Table of Contents: Installation | Requirements | Quick Start | Citation
ARES is a groundbreaking framework for evaluating Retrieval-Augmented Generation (RAG) models. The automated process combines synthetic data generation with fine-tuned classifiers to efficiently assess context relevance, answer faithfulness, and answer relevance, minimizing the need for extensive human annotations. ARES employs synthetic query generation and Precision-Performance Iteration (PPI), providing accurate evaluations with statistical confidence.
What does ARES assess in RAG models?
ARES conducts a comprehensive evaluation of Retrieval-Augmented Generation (RAG) models, assessing the systems for context relevance, answer faithfulness, and answer relevance. This thorough assessment ensures a complete understanding of the performance of the RAG system.
How does ARES automate the evaluation process?
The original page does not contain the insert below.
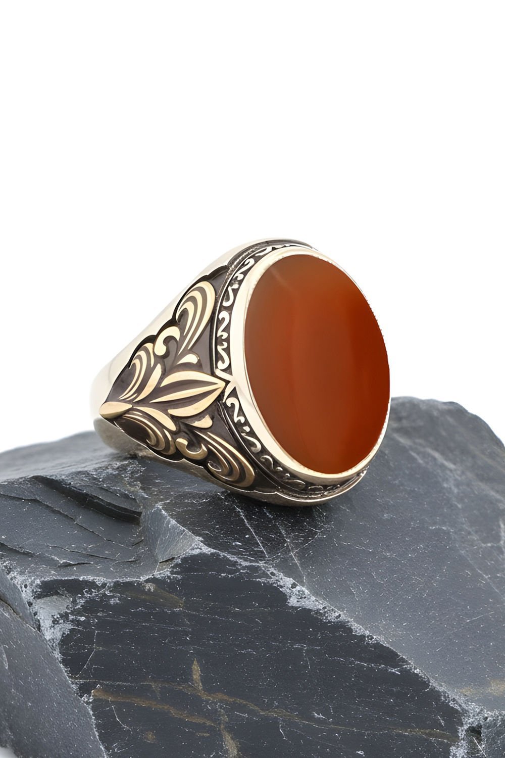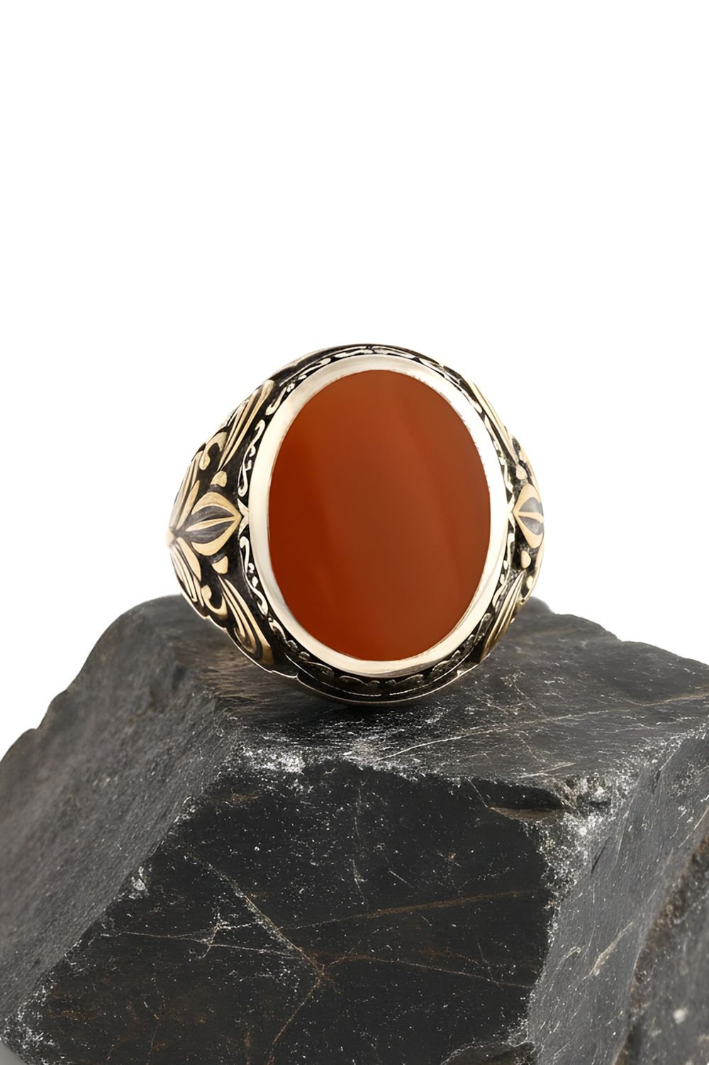 Hakiki ve orijinal doğal taşlar kullandığımız yüzüklerin bu modelinde klasik rengiyle Akik taşını kullanıyoruz.

ARES minimizes the need for human labeling by leveraging fine-tuned classifiers and synthetic data. Its PPI component, Prediction-Powered inference, refines evaluations considering model response variability and provides statistical confidence in the results. By using fine-tuned classifiers and synthetically generated data, ARES cuts down on human labeling needs while providing accurate assessments.
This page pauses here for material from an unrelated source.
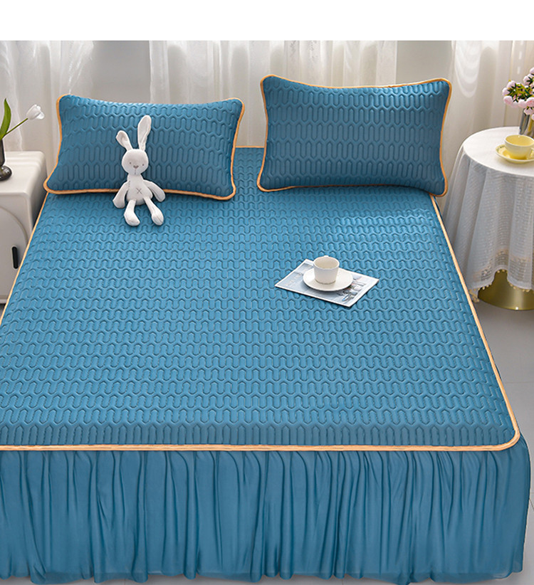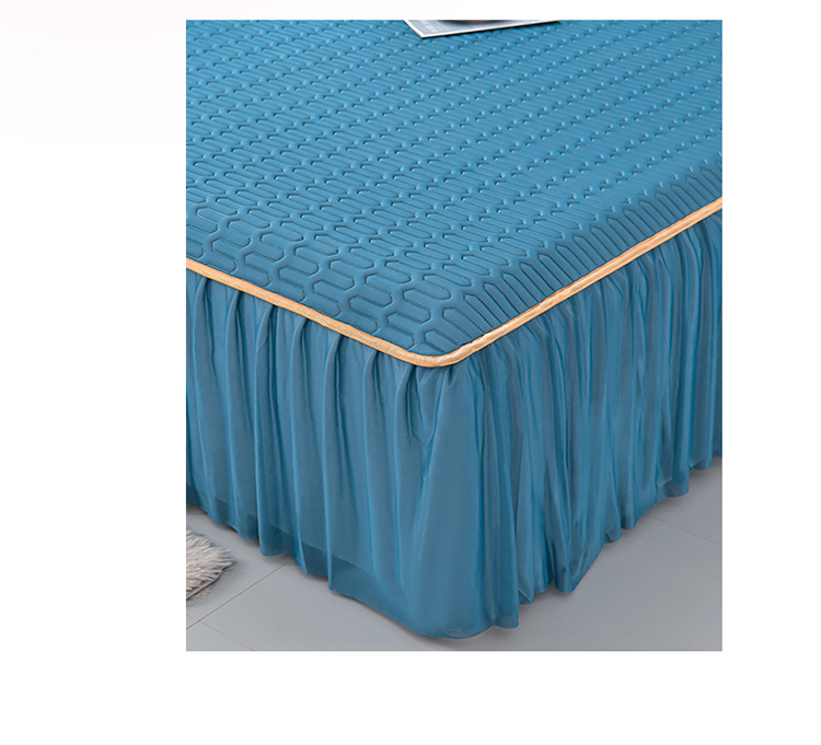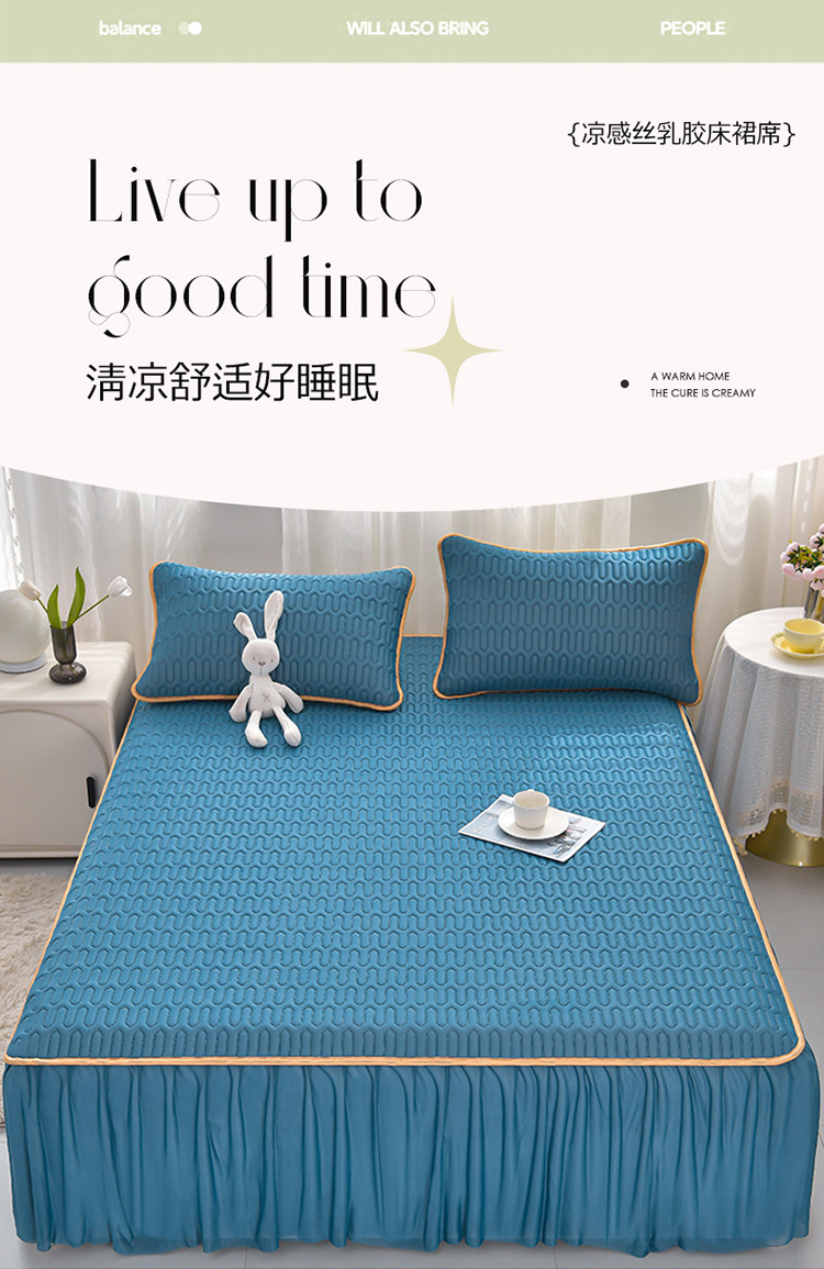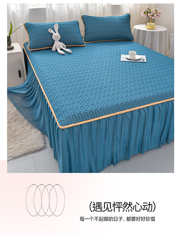诺梵家纺 2024新款0.5凉感丝乳胶凉席床裙款三件套 宾利蓝

Can ARES handle my custom RAG model?
Yes, ARES is a model-agnostic tool that enables you to generate synthetic queries and answers from your documents. With ARES, you can evaluate these generated queries and answers from your RAG model. β
β To install ARES, run the following commands: β
pip install ares-ai
β Optional: Initalize OpenAI or TogetherAI API key with the following command:
export OPENAI_API_KEY=<your key here>
export TOGETHER_API_KEY=<your key here>
To implement ARES for scoring your RAG system and comparing to other RAG configurations, you need three components:β
- A human preference validation set of annotated query, document, and answer triples for the evaluation criteria (e.g. context relevance, answer faithfulness, and/or answer relevance). There should be at least 50 examples but several hundred examples is ideal.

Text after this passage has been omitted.